William H. Johnson Forever Stamp Available Today

    William H. Johnson Forever Stamp Available Today

    PR Newswire

    BALTIMORE, April 11, 2012 /PRNewswire-USNewswire/ — The United States Postal Service today issued a new commemorative Forever stamp honoring one of America's foremost African-American artists, William H. Johnson. The 11th issuance in the American Treasures series showcases a still life painting by Johnson. Flowers, an oil-on-plywood painting dated 1939?1940, depicts a vase of boldly rendered, brightly colored blooms on a small red table.

    (Photo: http://photos.prnewswire.com/prnh/20120411/DC85381)

    "A new generation has discovered Johnson's work and today he's regarded as a major figure in 20th century art," said Deputy Postmaster General Ronald Stroman. "A foundation named for him offers assistance to African-American artists early in their careers, so we're especially proud to help spread appreciation for his work. This colorful stamp may even help inspire a gifted young person to also pursue a life in the arts."

    Joining Stroman to dedicate the stamp were Dr. David Wilson, president, Morgan State University; Dr. Leslie King-Hammond, graduate dean emerita/founding director, Center for Race and Culture; S. Marquette Folley, project director, Smithsonian Institution Traveling Exhibition Service; and Marcellus Shepard, master of ceremonies, WEAA-FM 88.9.

    The event took place at the Murphy Fine Arts Center ? Gilliam Concert Hall on the campus of Morgan State University.

    In 1926, Johnson went to France to study modernism. The two-dimensional, consciously "naive" style in which Flowers was painted was one of the many techniques of modernist abstraction and "primitive" art adapted by Johnson. He returned briefly to New York in 1929 and set up a studio in Harlem. The following year, he received the gold medal for distinguished achievement in fine arts from the William E. Harmon Foundation. The painting, a gift of the Harmon Foundation, belongs to the Smithsonian American Art Museum.
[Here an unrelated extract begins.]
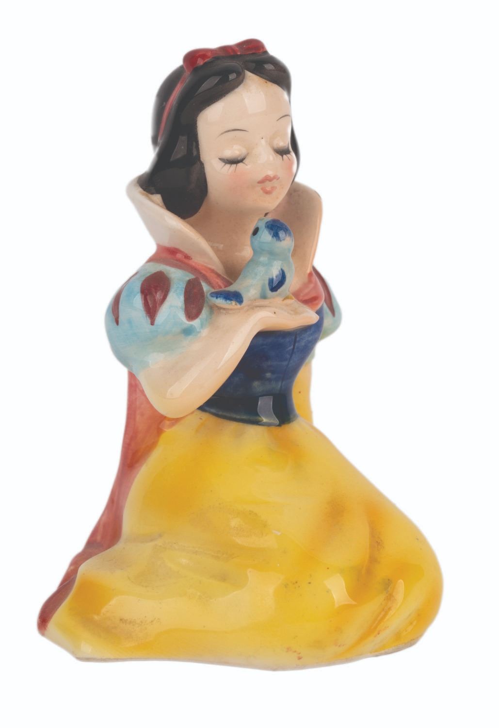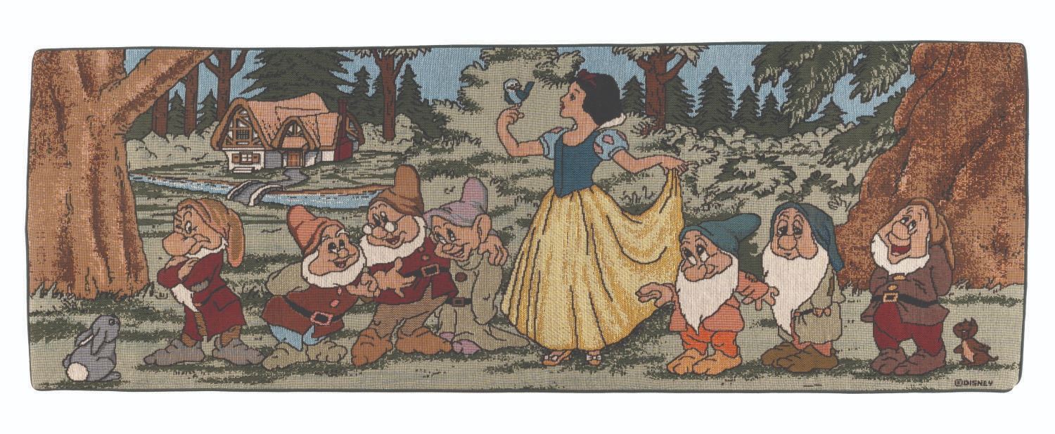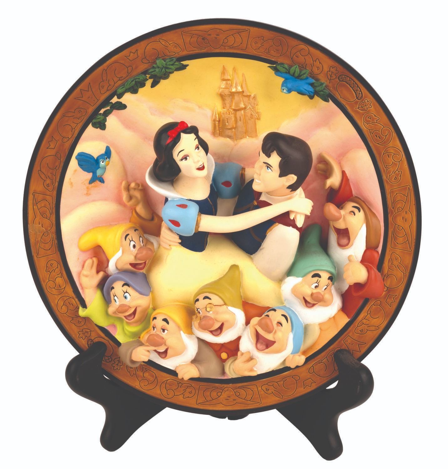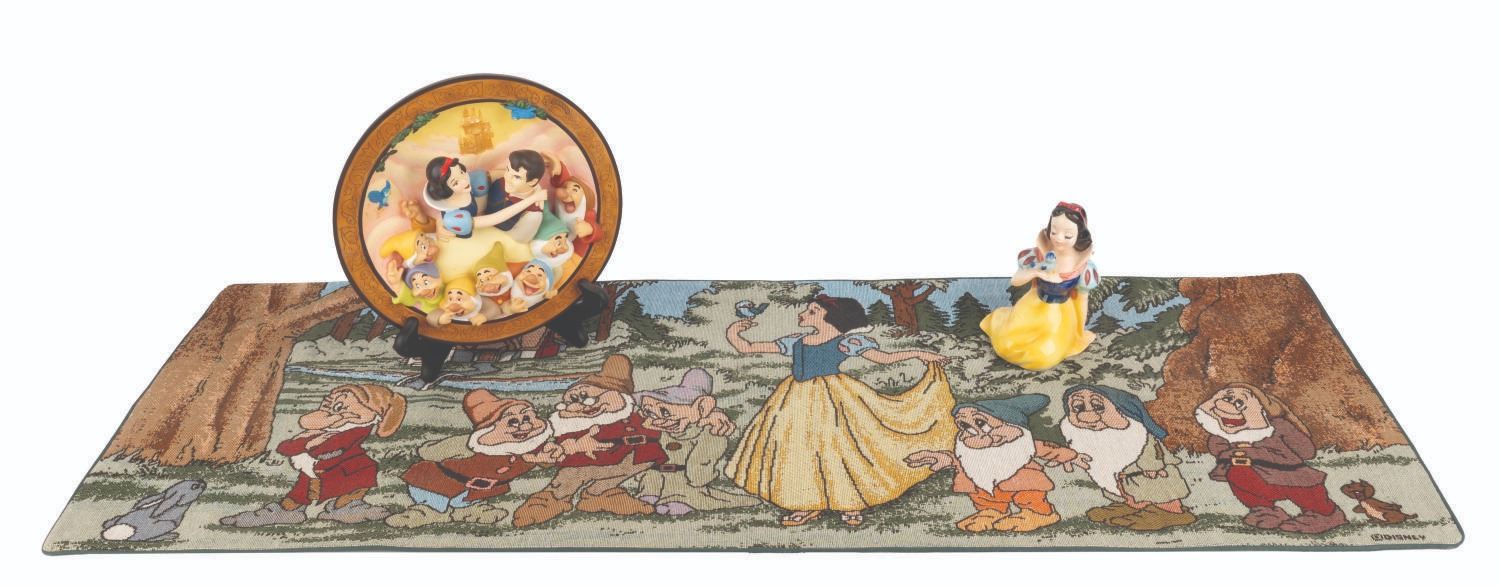 (Disney, 1980s-1990s) A "Snow White and the Seven Dwarfs" plate, ceramic figure, and tapestry. The Snow White 60th anniversary plate is a limited edition, titled "True Love, At Last," and is numbered 2449/10000 with a certificate of authenticity. Measuring 8.5" in diameter, the plate is in very good condition with a 0.75" stain under the bird. The ceramic figure measures 3.5" x 5" and is in good condition with a chip on the collar, paint loss from age, wear from use, and tape residue on the skirt. The 12.5" x 36" tapestry is in very good condition with light color loss from age and folds from storage.

    Rare paintings from the exhibition "William H. Johnson: An American Modern" by the artist and from the collection of the James E. Lewis Museum at Morgan State University, will be on view at the Lewis museum from April 7 until July 1. Developed by Morgan State University and the Smithsonian Institution Traveling Exhibition Service, the exhibition will continue on a 10-city tour through 2014. The exhibition is made possible through the generous support of the National Endowment for the Arts, the Henry Luce Foundation and Morgan State University Foundation, Inc. For more information, visit www.sites.si.edu

    The William H. Johnson stamp is being issued as a Forever stamp in self-adhesive sheets of 20. Forever stamps are always equal in value to the current First-Class Mail 1-ounce rate. The William H. Johnson stamps are being sold at a price of 45 cents each, or $9 per sheet, and are available nationwide today.

    Customers may view the William H. Johnson Forever Stamp, as well as many of this year's other stamps, on Facebook at facebook.com/USPSStamps, through Twitter @USPSstamps?or?on the website?Beyond the Perf?at beyondtheperf.com/stamp-releases/2012. Beyond the Perf is?the Postal Service's online site for background on upcoming stamp subjects, first-day-of-issue events and other philatelic news.

    How to Order the First-Day-of-Issue Postmark, William H. Johnson Forever Stamp
    Customers have 60 days to obtain the first-day-of-issue postmark by mail. They may purchase new stamps at a local Post Office, at The Postal Store website at www.usps.com/shop, or by calling?800-782-6724. They should affix the stamps to envelopes of their choice, address the envelopes (to themselves or others), and place them in a larger envelope addressed to:

    William H. Johnson Stamp
    Main Post Office
    900 E. Fayette Street
    Baltimore, MD 21233-9998

    After applying the first-day-of-issue postmark, the Postal Service will return the envelopes through the mail. There is no charge for the postmark. All orders must be postmarked by June 11, 2012.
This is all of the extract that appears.